I might be a little slow on following you here, unfortunately.

Are you simply saying that if I made the attenuator switchable, I'd only have the disadvantage of an "unbridged" connection when attenuation was desired?  I take it there's no good way to have my attenuation and my bridged input, too?

Sorry-- I only have barely enough knowledge to be dangerous, so please bear with me. Thanks again!

Click to expand...

And I must be careful in answering you in case you are using the word "bridged" loosely.

My understanding of a "bridged" termination is roughly 10x input impedance to source impedance. Mic preamps target a bridging termination with roughly 2k input impedance for mic's nominal 200 ohm source impedance.

Pad switches routinely maintain, bridged and balanced input behavior in both positions.

Just off the top of my head, a pad switch that alternates between connecting the mic directly to the input transformer when pad is defeated (ASSuming the tx delivers nominal termination), and when the pad is desired dropping resistors of roughly 1k are added in series with each leg from the mic, with a 200 ohm or so shunt resistor feeding the TX.  This way the mic sees similar load in both cases, and tx sees similar source impedance.

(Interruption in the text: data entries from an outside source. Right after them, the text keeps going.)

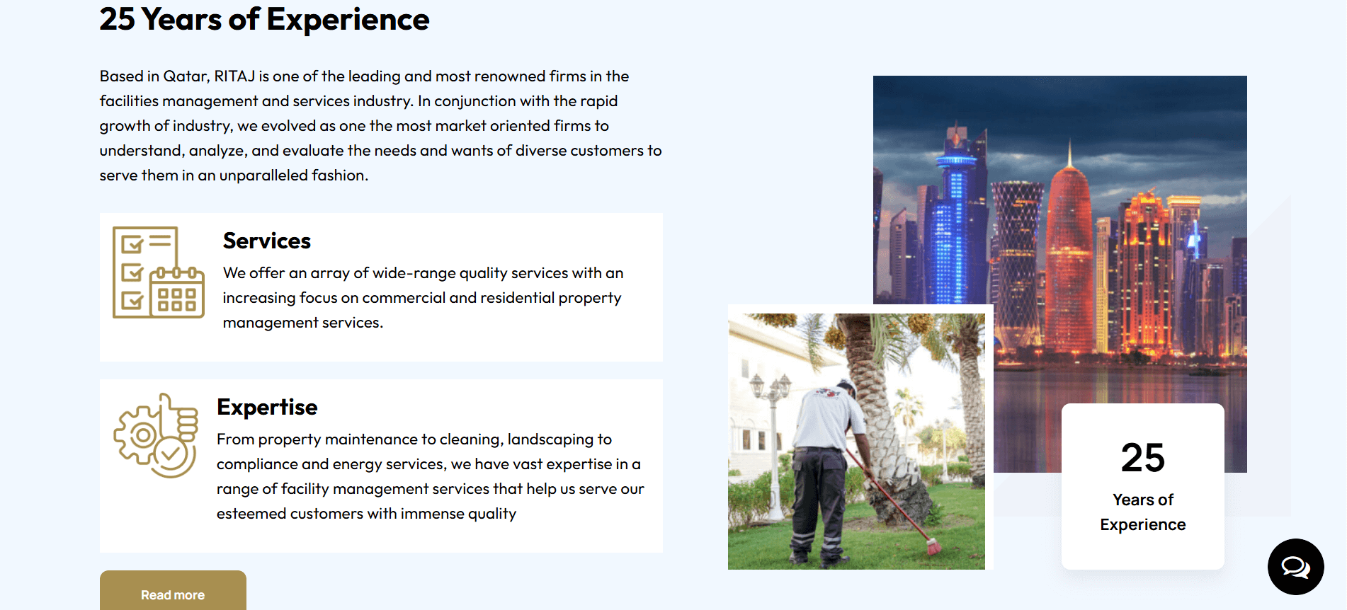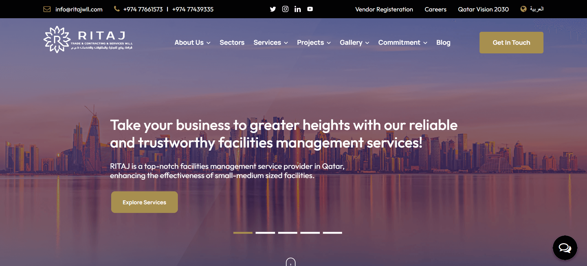 RJFMS is a Qatar-based facilities management company offering property maintenance, cleaning, and engineering services. For the website, I focused on creating a professional, trustworthy, and service-oriented design, backed by robust development for scalability and multilingual support. With fast-loading pages, responsive grids, and clean interface development, the result is a platform that effectively bridges professionalism with accessibility for local and global clients.
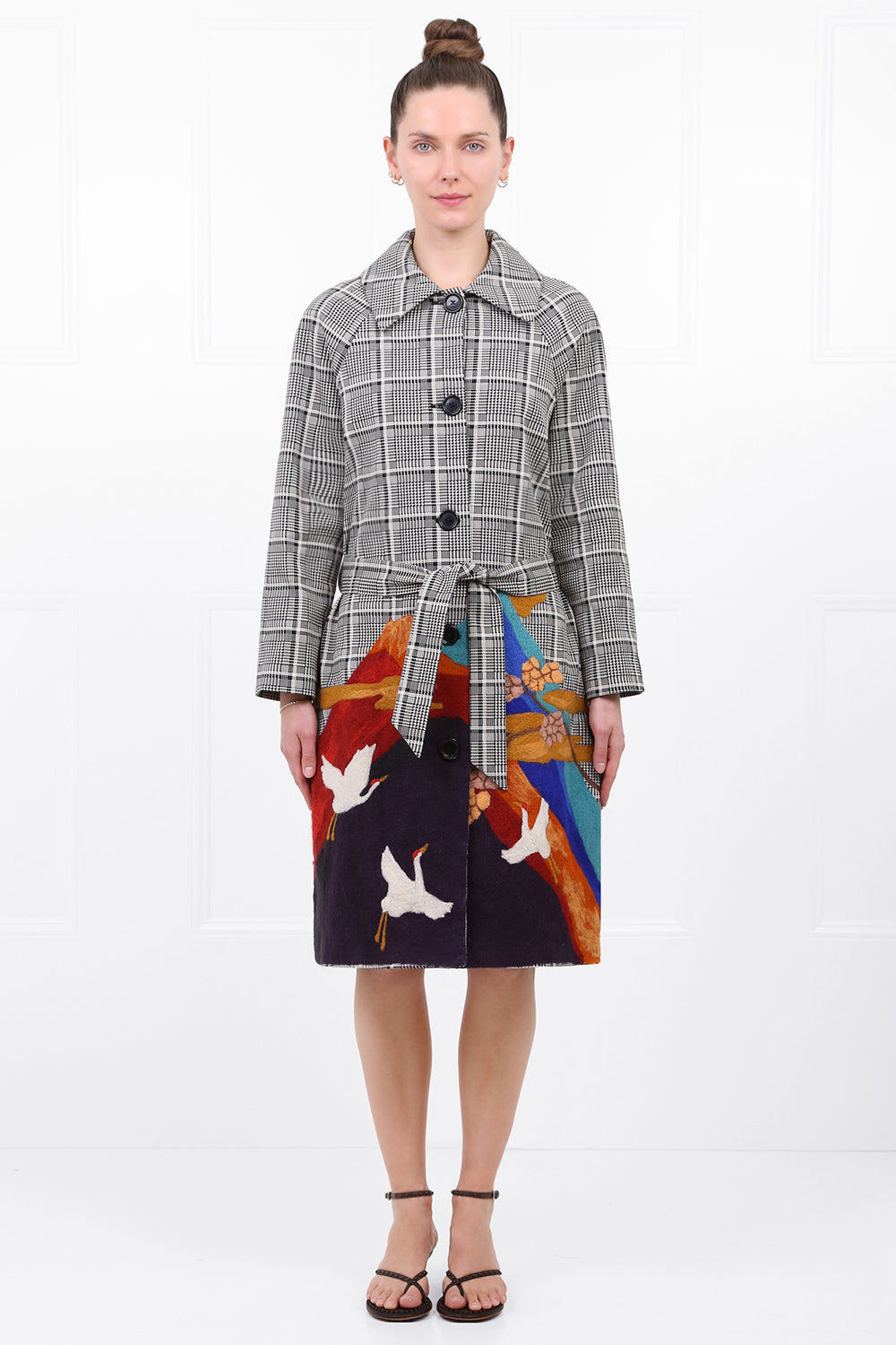 Every new Stella Jean collection commences with building a bridge to women in another developing country, followed by a true collaboration combining Stella Jean's aesthetic with the artisans of the host nation. This promotes sustainable development and preservation of endangered cultural traditions, while also helping women build their own economic autonomy. This season’s collection is rich in colour and symbology that was acquired on a recent expedition into central Asia. The pleated graphic skirt featuring birds and flowers in a mountainous landscape is absolutely stunning. As is the embroidered shirt, crafted from a striped cotton fabrication with a magnificent felt embroidered design of long legged herons. This shirt features long sleeves with buttoned cuffs, and is designed for an oversized fit. For a truly incredible statement piece, choose the embroidered coat in a check fabrication with an awe-inspiring embroidered design of birds and flowers. For the latest new season collections, visit our boutique in Paddington, Sydney Australia or shop Stella Jean online for free next day delivery and returns.
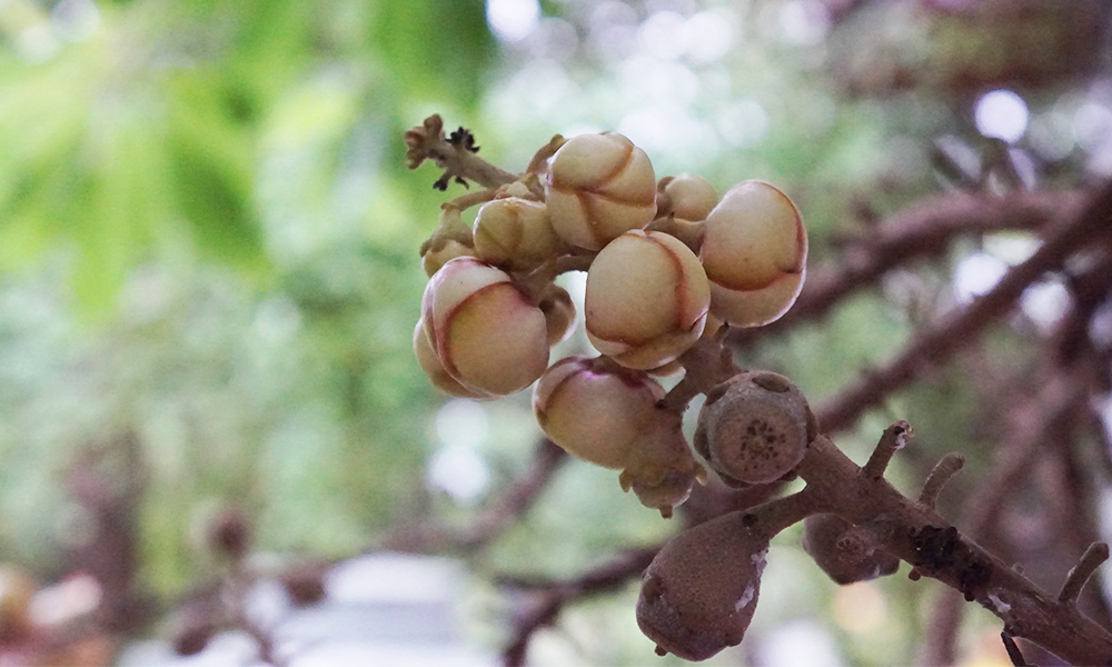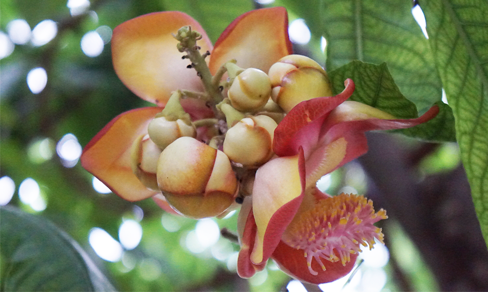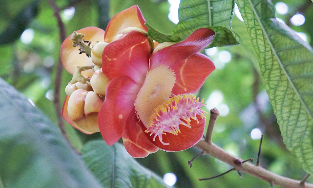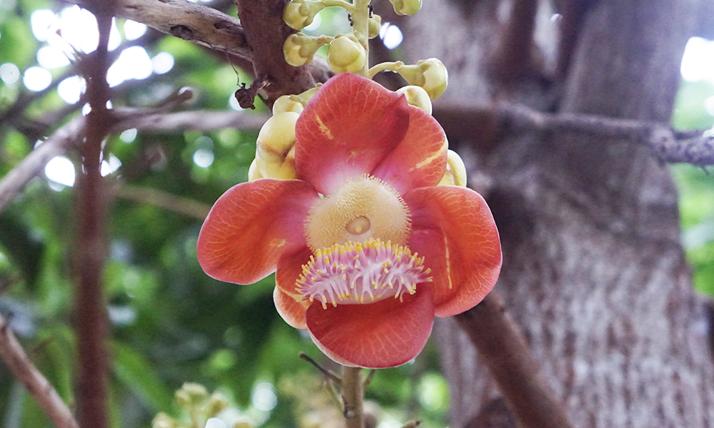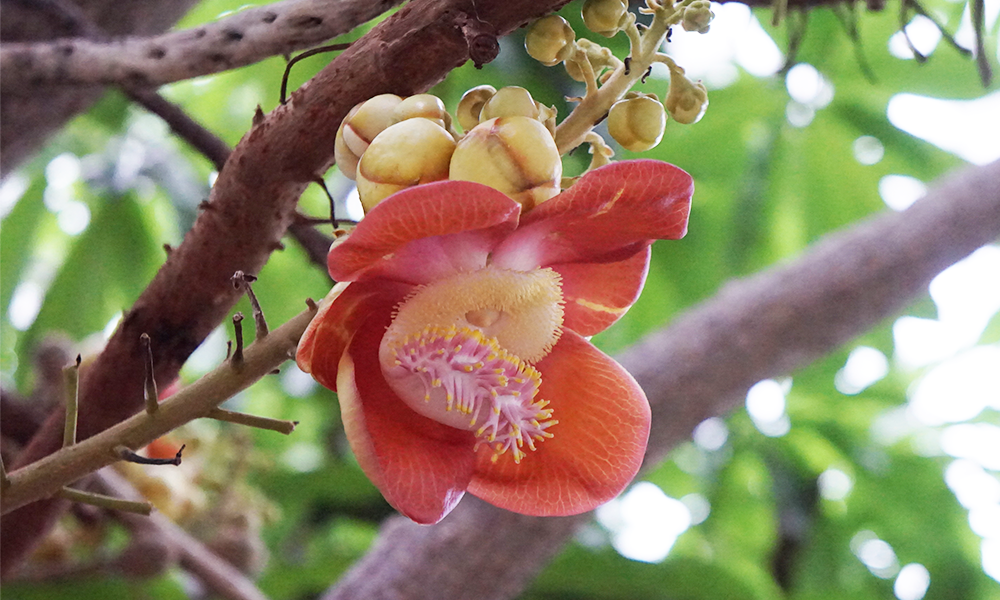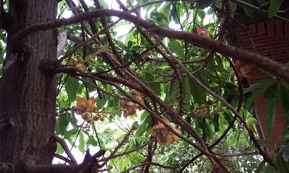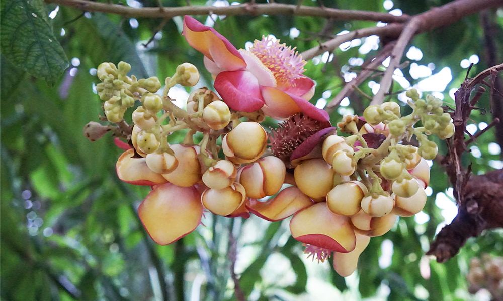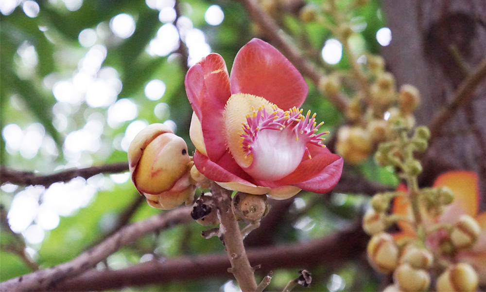 He told that this tree is name " SALA " It usually grows in the tropics. It has a trunk size of about 0.5 meters. It has green leaves and pink flower.

There is no need to reinvent this very old wheel. or rely on my butt derived values, look at amy mic preamp schematic with a pad switch for practical real world examples. 

JR

Thanks!

I'm currently using an attenuator built according to this plan: http://community.dripelectronics.com/media/kunena/attachments/69/atten.pdf

The input Tx is the Sowter 9970, which is a 1:7 (200R/10K) mic input transformer. Thinking about it now, even the raw transformer on its own would show a very low load impedance to the microphone, unless I'm understanding it improperly. 

On the attenuator plans above, I may just strip out the pair of 200R resistors on the "-0dB" switch position, thus bypassing the attenuator completely in the clockwise-most position. That should be an improvement over the existing scheme, which (I think) would only show the mic 100 ohms in the "-0dB" position. That would explain why the previous position ("-3dB") is actually louder-- it is (I think) showing nominally 600 ohms to the microphone.

I'd like to devise a way to keep this 12 position attenuator switch (in 3dB steps) while showing the input Tx a relatively-constant 200R while showing the microphone 2k or more.  I'm not sure if there's an easy solution for this.

You want to show 200r to the transformer but 2,000r to the mike.

The lowest-loss passive pad which can do this is a 20dB pad. Not your 3dB teeny-steps.

We can often cheat to 15dB, maybe 10dB depending on mike. But 10dB pad with 200r out is only 620r input. Significant load on some common 300r mikes.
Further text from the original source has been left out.